Winning probabilities by depth

Similarly humans tend to get less confident in their solution the more moves these entail. Obviously even if the line is completely forced, a mate-in-8 gives twice as many opportunities to overlook something as a mate-in-4. Additionally, the farther the imagined board state is from the actual position the more likely it is that mental errors creep in like taken or moved pieces reappearing on their original square.

Again, this is not what we find for the Leela network. For the solved mates the predicted winning probability hovers around 40% independent of the depth of the mate.

For unsolved mates (remember, these are filtered to have only one winning move, which in this case Leela missed) the probability hovers around 30%.

This is consistent with Leela assessing a kind of dynamic potential by recognising many tactical motives that might be strung together for an advantageous tactical strike without actually determining this winning combination.

Winning probabilty distributions

Overall the winning probabilities show no Aha!-effect, where the network becomes significantly more confident in its winning prospects when it sees that a move is winning. This would certainly be the case for a human or a search-based engine. The Leela-network does not show a big difference between the winning probability distributions of solved vs unsolved puzzles.

Winning probability by material balance

The observed difference between these probability distributions might also be due to differences between the solved and unsolved puzzles and are unlikely to be caused by “finding” the solution.

This becomes clearer if we look at one superficial but powerful predictor of game outcomes: Material balance. In most positions the player with more material has the better prospects and humans would also assess the material balance first when encountering a new position.

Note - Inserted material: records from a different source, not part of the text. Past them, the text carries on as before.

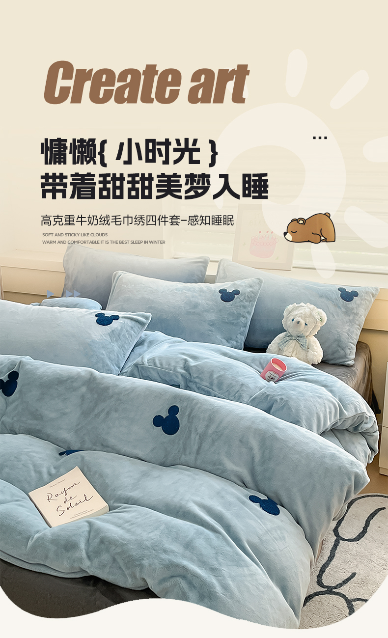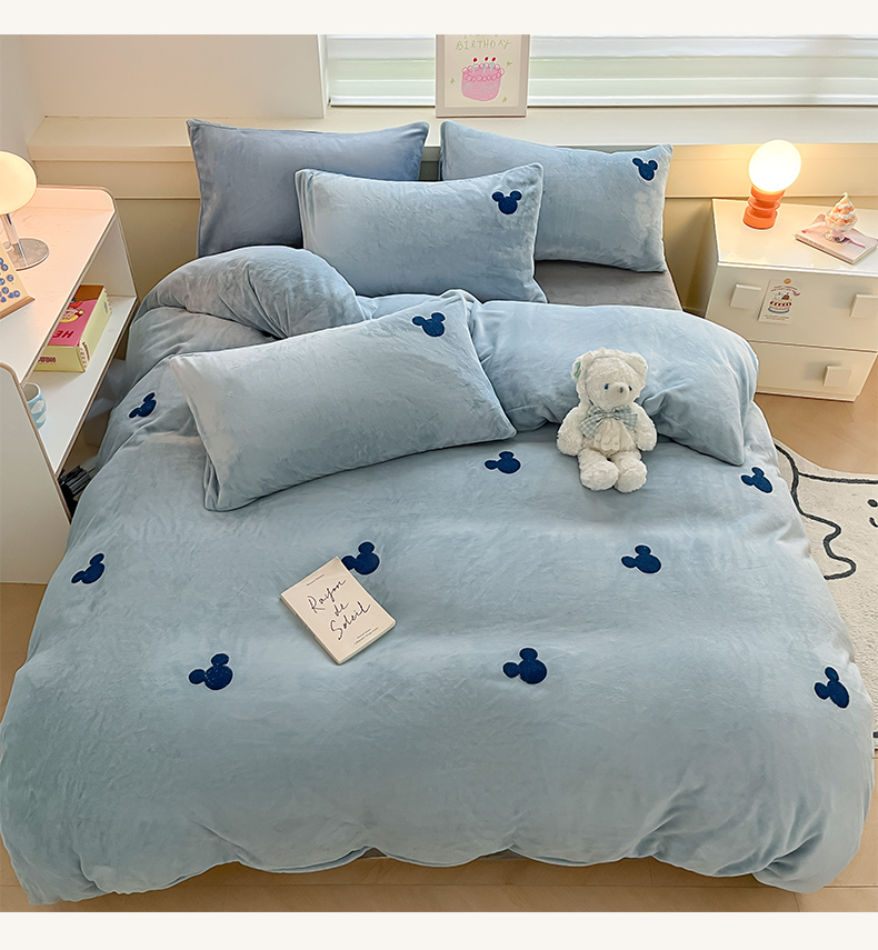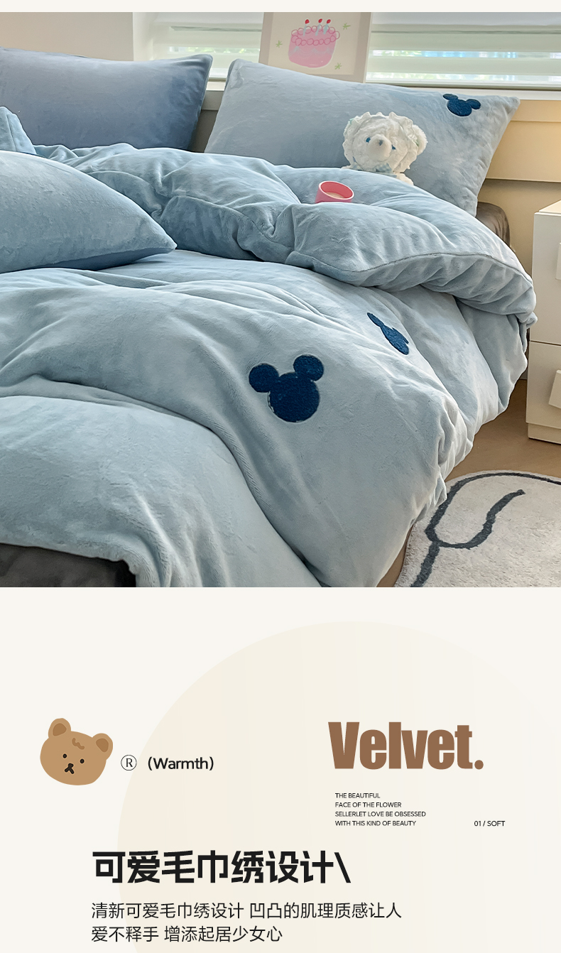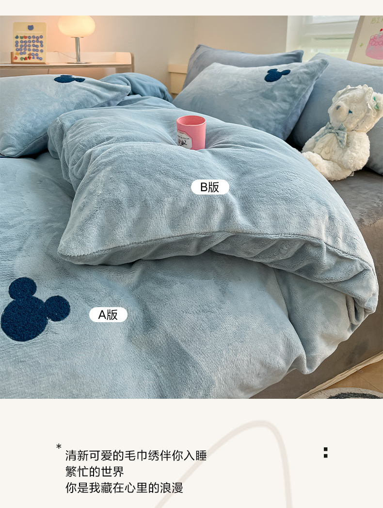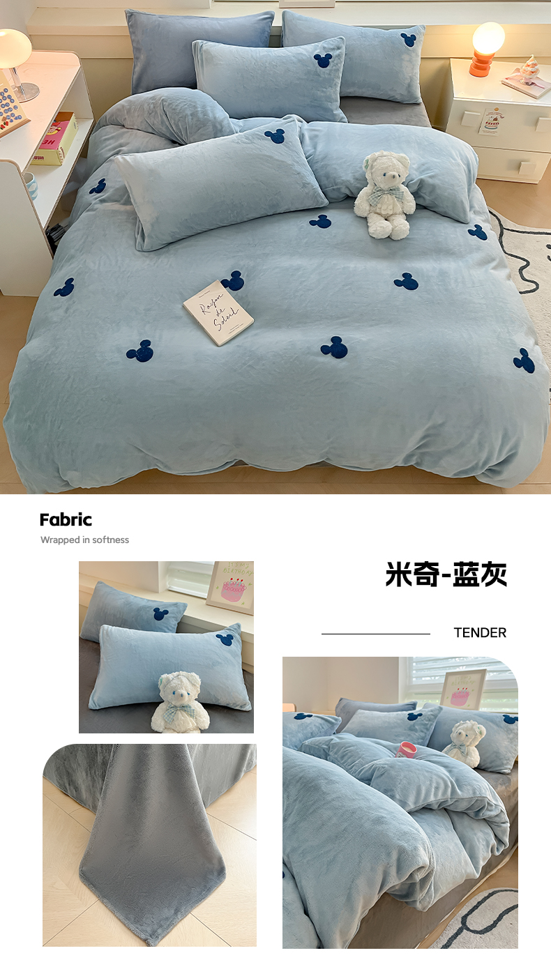 雅居纺 2023新款200克毛巾绣牛奶绒四件套-小熊米奇系列 米奇-蓝灰
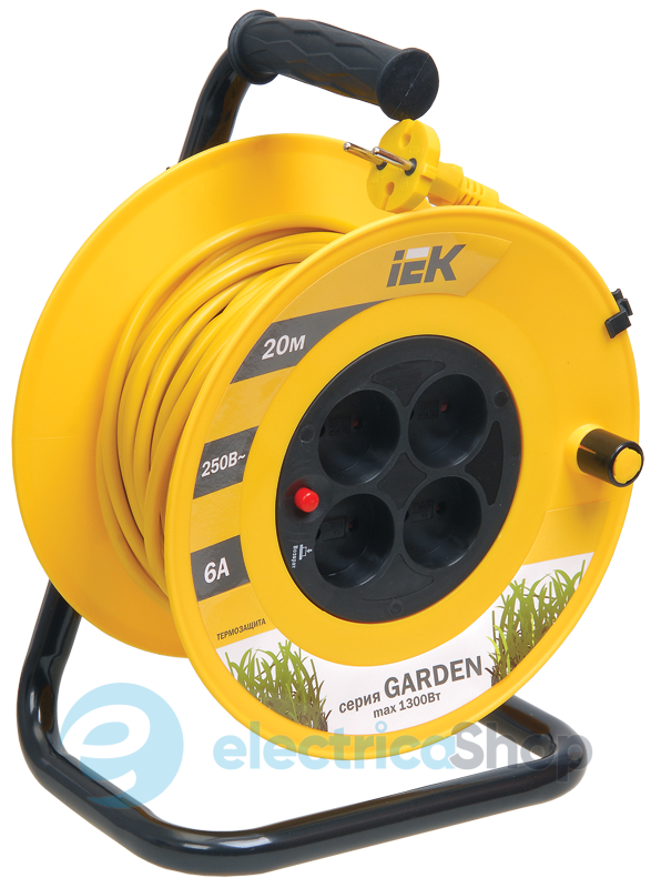За допомогою цього подовжувача на котушці легко підключити віддалене на відстань до 20 метрів від стаціонарної розетки електрообладнання.
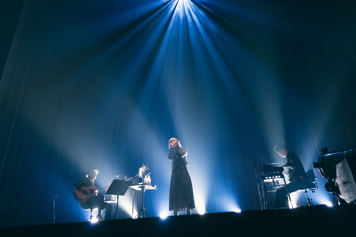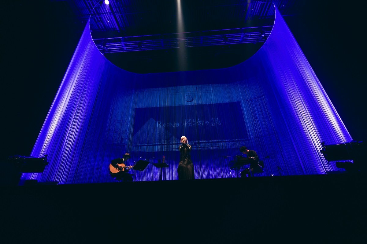 ステージには長く細い白糸を束ねたカーテンが半円状に設置されている。今回はキーボードの荒幡亮平、アコースティックギターに山口隆を迎え、ボーカルのReoNaとのスリーピースのミニマムなスタイル。ReoNaの楽曲はアンプラグドと相性がいいのはすでに周知の事実だが、今回のツアーの一曲目は『月姫-A piece of blue glass moon-』EDテーマである「Believer」。単音から始まり、次第に衝動を鍵盤に叩きつけるような荒幡のピアノの音から始まったロックチューンは、アコースティック編成とは思えない熱量で届けられた。

However, one of the strengths of calculating ahead lies in the ability to ignore or transcend the material balance when concrete lines show a way to a favourable outcome. A human or search-based engine might initially think that black is far ahead only to flip to “white is winning” when finding a mating combination.

Here is the average winning probability by material balance (in pawn units) for correctly solved puzzles with just one winning solution.

Despite the fact that all these puzzles are winning for white and the solution has been predicted by Leela the average winning probability drops to zero when the material balance becomes too unfavourable.

Conclusion

Does this analysis show without a doubt that the Leela network does not do some kind of general search or look-ahead during its forward pass?

No, unfortunately my results are also consistent with Leela implementing a mixture of pattern recognition and a look-ahead algorithm, with pattern recognition doing most of the heavy lifting and the general look-ahead just occasionally also contributing to solving a puzzle (these are not easy after all).

A clear proof of absence of system 2 thinking would require control over the training data for different training runs or significantly more powerful interpretability methods.

But I think it can be ruled out that a substantial part of Leela network’s prowess in solving chess puzzles or predicting game outcome is due to deliberate calculation.

There are more analyses that could be done, however, I don’t have the time. So far the analysis results have not shifted my priors much.

However, the transfer of these results to LLMs is not clear-cut because LLMs are not similarly limited to a single forward pass in their problem solving.